Public Disasters and the Criminal Law

The tragic and unfortunate Costa cruise ship disaster is a good example of how popular social activities, which are inherently legal and legitimate, can turn, on a dime, into a textbook criminal case. It is no surprise the Captain of the ill-fated ship is being investigated for a number of offences, including manslaughter. Indeed, after reading the victims’ accounts of the disaster, it should be expected. But caution is required when demanding “justice” for public disasters through the aegis of the criminal law.

Usually, government uses regulation to control legitimate and desirable activities, which if carried out improperly or without due care, would result in harm to individuals or the public at large. Any breach of regulation may result in a charge under the statute, which is then known as a public welfare offence. Thus, our local dry cleaner, which provides us with clean shirts and starched collars, must conform to government rules regarding the safe and proper use and disposal of chemicals.

When the failure to fulfill regulatory requirements is significantly outside of the public welfare scheme, the conduct becomes criminal and must be framed by the Criminal Code. When the Exxon Valdez struck a reef in 1989 and spilled 11 million gallons of crude oil into the Alaskan waters, the criminal law was invoked. In 2000, the Walkerton tainted water scandal, which left seven people dead and scores ill from e-coli­ bacterial ingestion, resulted in criminal charges of public endangerment, fraud, and breach of public trust against the two town managers. So too, when the British Columbian Ferry, Queen of the North, ran aground in 2006 causing both an environmental and social disaster (2 people died), the navigation officer, who had control of the ship at the time, was charged with criminal negligence causing death.

However, when these public welfare matters are criminalized, they are treated like any other criminal case. The conduct, which initially arose from legal activities, becomes part of the criminal law nomenclature as it is labeled as manslaughter, criminal negligence, or even murder. By labeling and identifying this conduct as criminal, the matter leaves the public opinion arena and enters a legal one where the case must adhere strictly to all relevant legal principles. Consequently, what appears to be an open and shut case of manslaughter may, in a courtroom, deteriorate into a plea to a lesser charge or even an acquittal.

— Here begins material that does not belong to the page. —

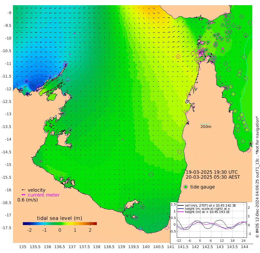 16cm/s -88T +3cm/s rms + 7cm/s -42T. ARA-GOC87 57m 18cm/s 151T +3cm/s rms + 2cm/s -2T. ARA-GOC87 60m 22cm/s -98T +2cm/s rms + 3cm/s 61T. ARA-GOC87 47m -7cm Daru -3cm Bobo Island 15cm Meer Island Barge 6cm Bramble Cay 2cm Unnamed Cay 0cm Pearce Cay 3cm Stephens Island 4cm Merrie England Shoals -1cm Mutacomal Reef 12cm Darnley Island Barge 15cm East Cay 8cm Yorke Island Barge -2cm Rennel Island 8cm Aureed Island -3cm Dungeness Reef -6cm Zagai Island -9cm Yam Island -9cm Dauan Island 9cm Saibai Island -10cm Phipi Reef -8cm Warrior Reef - West 8cm Mabuiag Island Barge -1cm Half Way Island 0cm Coconut Island 1cm Dugong Islet -4cm Poll Island -3cm Kirkcaldie Reef 5cm Suarji Island 8cm Sue Islet 21cm Hawkesbury Island 12cm Alert Patches 6cm Twin Island 11cm Badu Island 1cm St Pauls (Moa Island) 7cm Kubin (Moa Island) 9cm Ince Point 15cm Thursday Island 12cm Nardana Patches 16cm Turtle Head 14cm Round Island 24cm Goods Island 40cm Booby Island 30cm White Rocks Area 72cm Carpentaria -3cm Papou Point 46cm Bampfield Head 29cm Crab Island 37cm Red Wallis Island 21cm Packe Island 1cm Harrington Reef 33cm Herald Camp 2cm Sharp Point 17cm Red Island Point 12cm Possession Island 7cm Alpha Rock 3cm Frederick Point -4cm Wyborn Reef Light -4cm Tetley Island 16cm Triangle Reef -7cm Turtle Head Island 17cm Maclennan Cay 16cm Raine Island 6cm Mcsweeny Reef 12cm Collette Reef 17cm Shadwell Reef 10cm Hannibal Island 8cm Round Point 45cm Vrilya Point 17cm Cape Grenville 10cm Hicks Island 23cm Sir Charles Hardy Island 4cm Harvey Island 23cm Kay Reef 20cm Rocky Island 28cm Chapman Island 27cm Ham Reef 20cm Jubilee Reef 17cm Night Island 28cm Unnamed Reef No. 3 18cm Morris Island 18cm 1st 3 Mile Opening 23cm Creech Reef 16cm Fife Island 22cm Eden Reef 23cm Stanley Island 18cm Normanby River -169cm Yabooma Island -198cm Hutchison River -171cm Elcho Island -170cm North West Crocodile Island -93cm Cape Wessel -153cm Stevens Island -86cm Guluwuru Island -128cm Hopeful Bay -112cm Auster Point -122cm Two Island Bay -166cm Cadell Strait -7cm Mallison Island -84cm Melville Bay (Gove Harbour) -85cm Truant Island -52cm Cape Arnhem -38cm Cape Grey -32cm Hawk Island -22cm Milner Bay (Groote Eylandt) -19cm Cape Beatrice 12cm West Island 17cm Centre Island -3cm Mornington Island 2cm West Wellesley Islands -12cm Bountiful Island -68cm Albert River Mouth -53cm Sweers Island -54cm Karumba 11cm Nassau River Offshore 30cm Christmas Creek 39cm Archer River 44cm Boyd Point 39cm Weipa (Humbug Point) 38cm Pennefather River 46cm Cullen Point

Not only are legal requirements at issue in such a case, but other factors may impact the prosecution’s ability to prove a case beyond a reasonable doubt such as the credibility of witnesses, the conduct of the police, and the availability of institutional resources.  Admittedly, these factors are present when dealing with any criminal case, but when dealing with a public welfare crime, it is very difficult to prove the essential fault element or required criminal intention, which typically deals with a failure of a person to act in accordance with a required standard of care.

In a public welfare case the alleged offender is under a duty or standard of care, which would require him to fulfill his duties and responsibilities with all due care and attention. For a Crown to establish a failure of care, to the criminal standard needed for conviction would require evidence relating to the standard of care and a detailed examination of what those duties and responsibilities are in the circumstances.  Prosecutors would need to delve into corporate culture and industry standards. As a result, such trials can be lengthy and complicated with unsatisfying results.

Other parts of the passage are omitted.